Separation of enantiomers using chiral mobile phases is a technique that was used widely in the 1980s and early 1990s, due to the lack of chiral stationary phases. The technique has several advantages compared to chiral stationary phases. For instance, it employs achiral stationary phases, which are less expensive and more rugged than a chiral stationary phase. At the same time it allows more flexibility because a column can be used in conjunction with several additives at the same time or the chiral additive can be eluted out of the column with a strong solvent and a subsequent additive can be used. The disadvantage of the method stems from the existence of a secondary chemical equilibrium, which has a great contribution to the band broadening of the two enantiomeric analytes and makes the mechanism of separation difficult to understand.
The introduction of core shell technology particles of 2.7 μm particle size, along with a porous shell of 0.5 μm (1–4), revitalized chiral separation with chiral mobile phases. Fast kinetics of mass transfer, along with a fast distribution of the analyte–complex, minimizes the secondary chemical equilibrium and consequently brings substantial improvement to the band broadening. Such stationary phases, along with ultrahigh-pressure liquid chromatography (UHPLC), bring improved timeliness and efficiency to chiral separations with chiral mobile phases.
Sulfated β-CD (S-β-CD) represents a class of anionic derivatives of CDs, and has been used extensively in capillary electrophoresis (5,6). Stalcup and colleagues (7) used this selector as a chiral stationary phase to enantioresolve 33 compounds, among which six did not have an amine functional group. There are very few examples of the use of S-β-CD as an additive in chiral mobile phases. For instance, Ameyibor and colleagues (8) used S-β-CD as an additive in the mobile phase for the enantiomeric separation of some selected chiral drugs.

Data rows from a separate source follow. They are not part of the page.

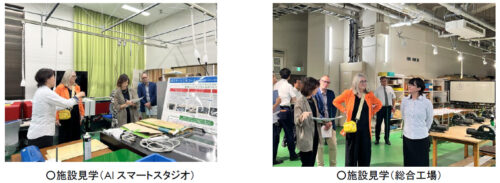 その後、2025年度に再編された電気電子エネルギー工学コース担当教員の研究室、機械部品加工を行う総合工場、コンピュータによる実践的なものづくりを行うAIスマートスタジオ(AIスマート工学コース)等の同校施設を案内した。
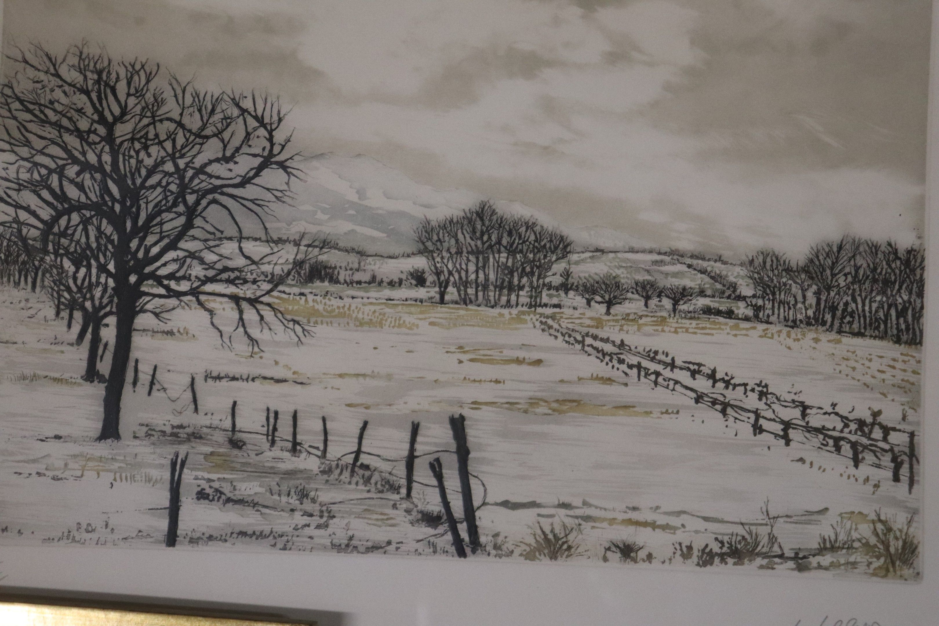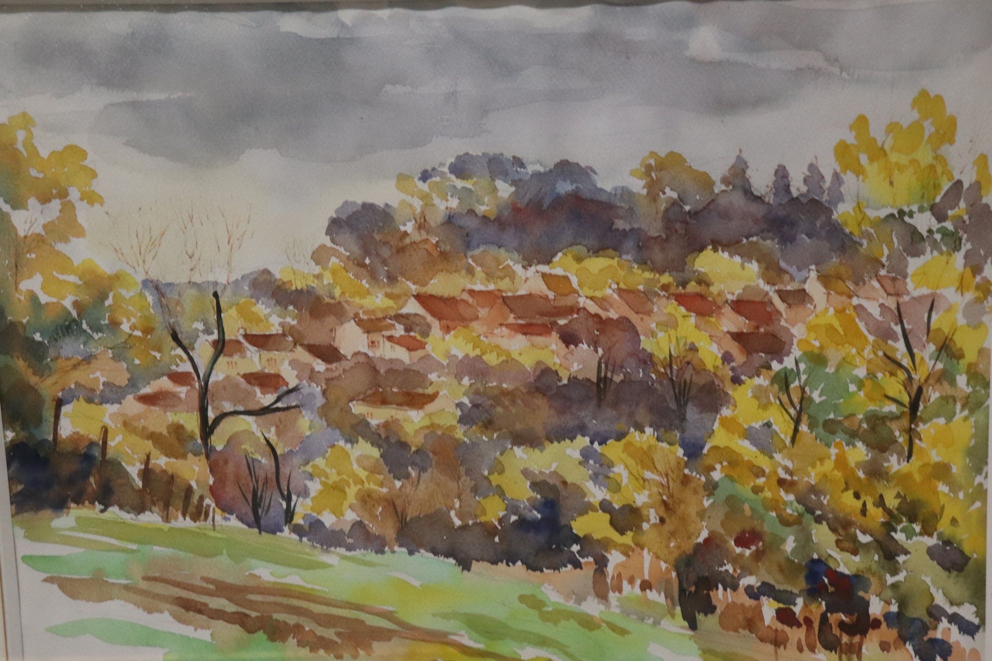 Lot of seven frames: three watercolours including a large pa…
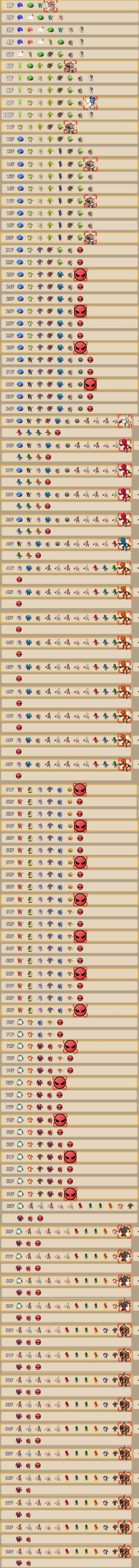 | モンスターテーブル | 序盤から強敵が多い | 30F以降大きな変化がない | 序盤から強敵が多い |
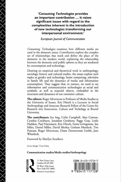 Consuming Technologies opens for analysis some crucial but rarely examined areas of social, cultural and economic life. At its core is a concern with the complex set of relationships that mark and define the place of the domestic in the modern world, and an explanation of the relationship between the domestic and public spheres as they are mediated by consumption and technology. Debate over the commodification and privatisation of everyday life has been preoccupied with the impact of technological change on established social structures and cultural values. Yet much of the discussion has lacked any substantive empirical work on the understanding of modern industrial society: on the nature of consumption, and the contradictory significance of the domestic sphere. The contributors address these questions with a series of essays suggesting that in essence, information and communication technologies require us to see them as social and symbolic as well as material objects, crucially embedded in the structures and dynamics of our consumer culture.

In this article, we present the enantiomeric separation of an amine using core shell technology with sulfate β-CD as the chiral mobile phase selector and UHPLC. We first assess the influence of the concentration of the additive and the thermodynamics of the separation on chromatographic conditions. We further explore the molecular interactions between enantiomers and S-β-CD using VCD spectroscopy as well as molecular modeling.
The chromatographic experiments were performed on a Waters Acquity UPLC system equipped with a vacuum degasser, a high pressure binary pump, a column oven, and a photodiode-array detector (Waters, Milford, Massachusetts). The separations were performed on two 150 mm × 4.6 mm Halo columns (Halo C8 and Halo C18, Advanced Material Technology, Wilmington, Delaware) with 2.7-μm particle size. The highly sulfated β-CD, acetonitrile and water were purchased from Sigma Aldrich (Milwaukee, Wisconsin). The mobile phase consisted of a solvent mixture of 15% acetonitrile in water containing different amounts of S-β-CD, depending upon the experiment. The mobile phase was premixed before the chromatography and was pumped through the system at a flow rate of 1.5 mL/min, which generated a back pressure of ~11,000 psi.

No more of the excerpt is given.